Going the other way Chinese may not care whether you have one apple or 10 apples, or whether Xi is a man or a woman. But Indo-European languages generally do care. So Google Translate has to guess, and often gets it wrong.
> Lisp environments on Sun workstations were able to outperform Lisp machines
I think it was just that it became clear the projects didn't deliver anything very useful. You can't keep the hype up very long if it can't be backed up by real applications.
But some good stuff that got started then prevailed, like speech understanding and language translation. But it didn't come usable overnight.
Classic AI was a reasonable research program, but research takes time. Think of nuclear fusion.
It took a while to get there. One would think of end 80s / early 90s. Remember, there were probably only around 10000 (ten thousand, not ten thousands) Lisp Machines ever produced. A 40 bit Ivory 3 processor from Symbolics was basically slightly faster than a Motorola 68030 processor, but with larger memory capabilites. Memory was expensive on stock hardware, too - but not as expensive as the 48bit wide ECC memory on a Lisp Machine. Add to that a Megapixel screen, a large disk, a tape drive, a faster graphics card,...
There was little point investing money into a hardware market which did not produce cheaper and/or faster machines, given the small market.
There were a lot of interesting applications development on Lisp Machines, but there was no point to deliver them on that expensive hard- and software.

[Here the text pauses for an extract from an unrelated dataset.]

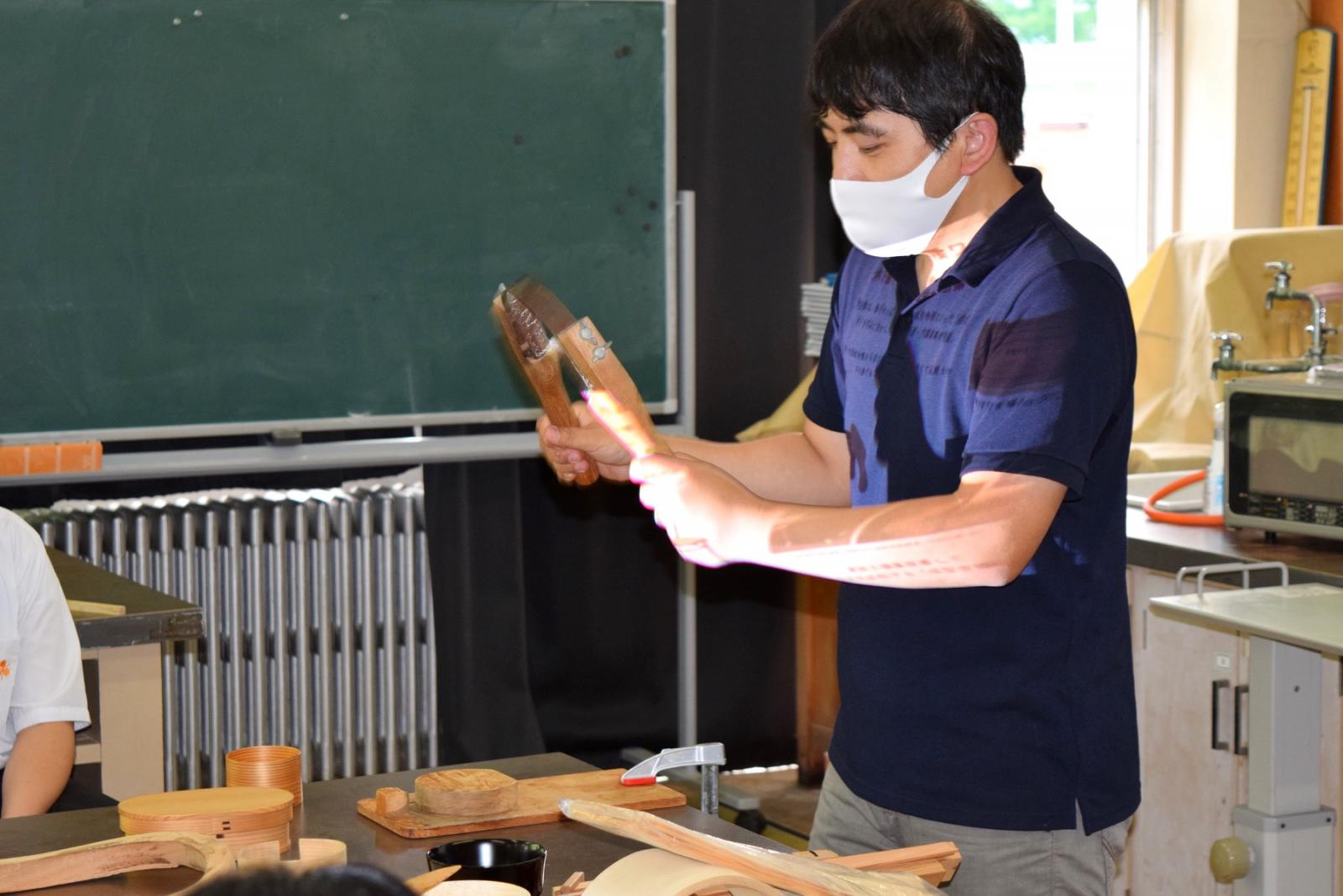 9月10日(木)、秋田県立湯沢高校において、本学木材高度加工研究所の足立幸司准教授による出前講座が開催されました。木材の性質や木材を利用する理由とその効果を学んだ後は、実際にセルロースナノファイバーや柔らかく加工した木材やバネのように伸縮する木材を手にとって観察し、木材加工(曲げ木)を体験しました。

Development environments were catching up. Common Lisp was actually designed to be able to deliver applications on many different platforms, even though its main influence was Lisp Machine Lisp.

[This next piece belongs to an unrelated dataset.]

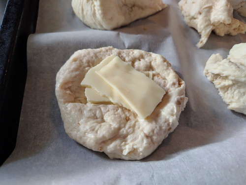 スライスチーズを1枚の半分の量をちぎって入れて、

So a $50k ART expert system development system was replaced by a low-cost CLIPS on machines with less hardware/software costs. It also was moved away from Lisp, as Lisp was extremely unpopular (and with almost no funding left) in the 90s.
Nowadays a native Lisp on a M2 processor from Apple is 1000 times faster than on the Lisp Machine from 1990. That's just a single CPU core, we are not even talking about GPU or Neural network functionality. Expensive 40 MB main memory from then is now 8 GB entry level.

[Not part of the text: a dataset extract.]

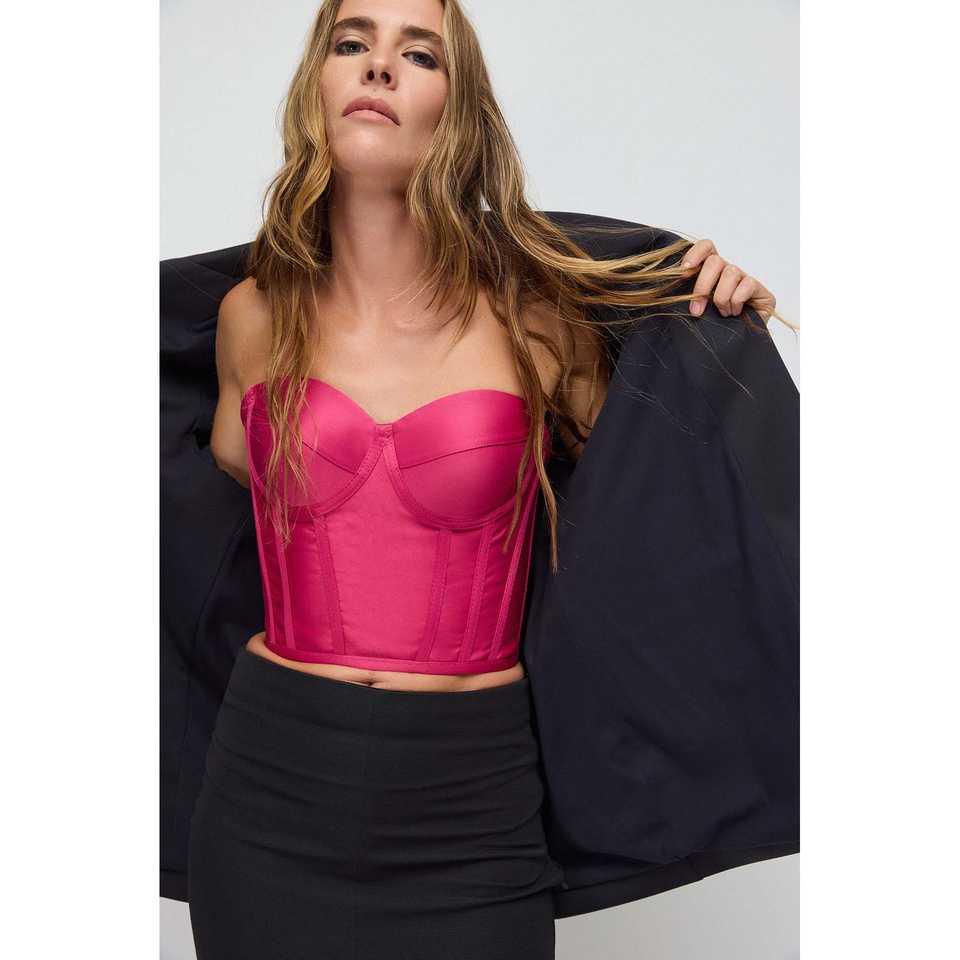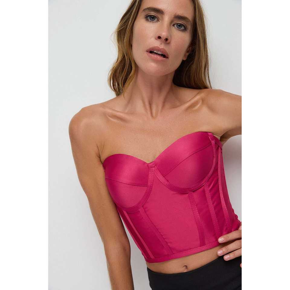 เสื้อครอปแบบมีโครงเสริมทรง พร้อมสายรัดเอว โลโก้ด้านหน้า แบบเปิดไหล่

The way that I heard it, it was the fact that Lisp environments on Sun workstations were able to outperform Lisp machines at a much better price point. And just like that, a significant AI specific industry collapsed, and its other promises came into question.
That said, all three versions are consistent. The fact that researchers thought that they were closer than they were caused them to overpromise and underdeliver. Then when the visible bleeding edge of their efforts publicly lost to a far cheaper architecture, their failure became very visible.
Which we call cause versus effect almost doesn't matter. All of these things happened, and lead to an AI winter. And we continued to get incremental progress until the unexpected success of Google Translate. Whose success was not welcomed by people who had been trying to get rule-based AI systems to work.